WORK INSTRUCTIONS: Would you repeat the whole listing exactly, pictures excluded?

EXERCISE DATA:
= = = = =

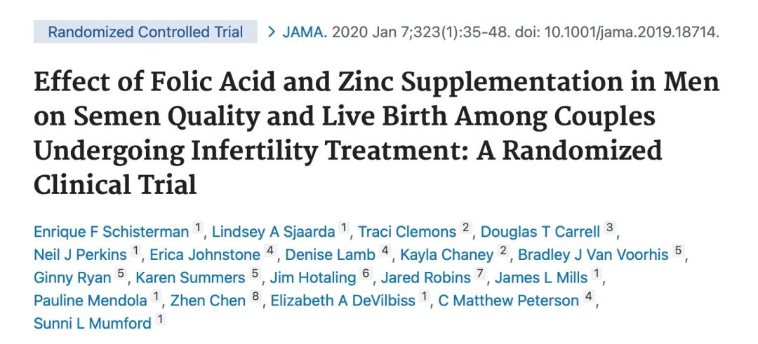 早在2020年,全球顶刊《JAMA》就发表过一个针对男性助孕补剂的随机对照研究,只不过补剂针对的是叶酸和锌两种补剂的复合补剂,我们一起来简单回顾一下。
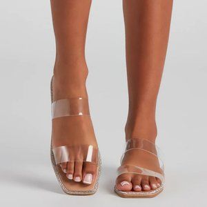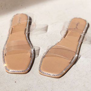 NEW Clear Sparkly Rhinestone Embellished Double Straps Slip On Slides Sandals
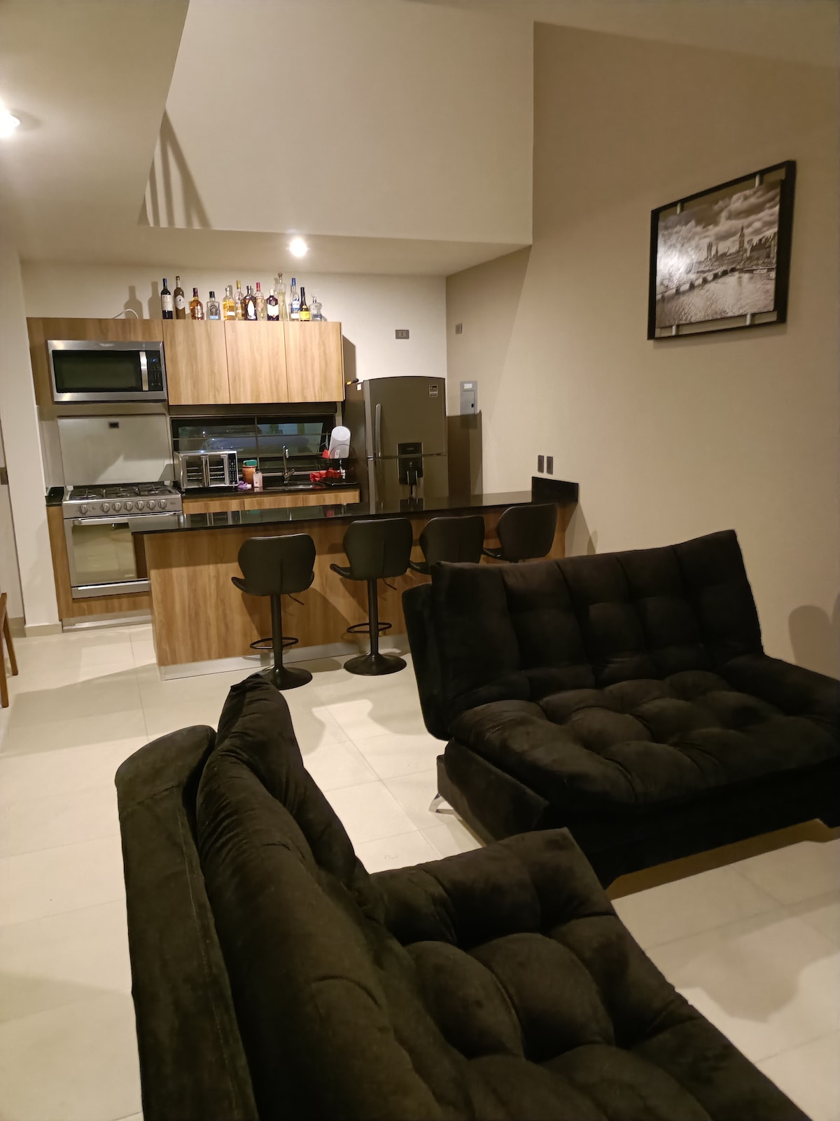 Fully equipped luxury apartment, located in Residencial Almaterra. Feel at home in a cozy, modern and functional apartment in a residencial with 7-a-side soccer field, chess tables, barbecue area, rest areas, outdoor gym, playground, jogging track, green areas, mobility and transportation. Just 1min from Fabrica de Cloe, 5min from Capithal Park Colotlan, less than 15min from Hacienda Sta Lucia, La Magdalena and Benazuza and only 18min from Tec de Monterrey.

= = = = =

OUTPUT OF THE EXERCISE:
 早在2020年,全球顶刊《JAMA》就发表过一个针对男性助孕补剂的随机对照研究,只不过补剂针对的是叶酸和锌两种补剂的复合补剂,我们一起来简单回顾一下。
 NEW Clear Sparkly Rhinestone Embellished Double Straps Slip On Slides Sandals
 Fully equipped luxury apartment, located in Residencial Almaterra. Feel at home in a cozy, modern and functional apartment in a residencial with 7-a-side soccer field, chess tables, barbecue area, rest areas, outdoor gym, playground, jogging track, green areas, mobility and transportation. Just 1min from Fabrica de Cloe, 5min from Capithal Park Colotlan, less than 15min from Hacienda Sta Lucia, La Magdalena and Benazuza and only 18min from Tec de Monterrey.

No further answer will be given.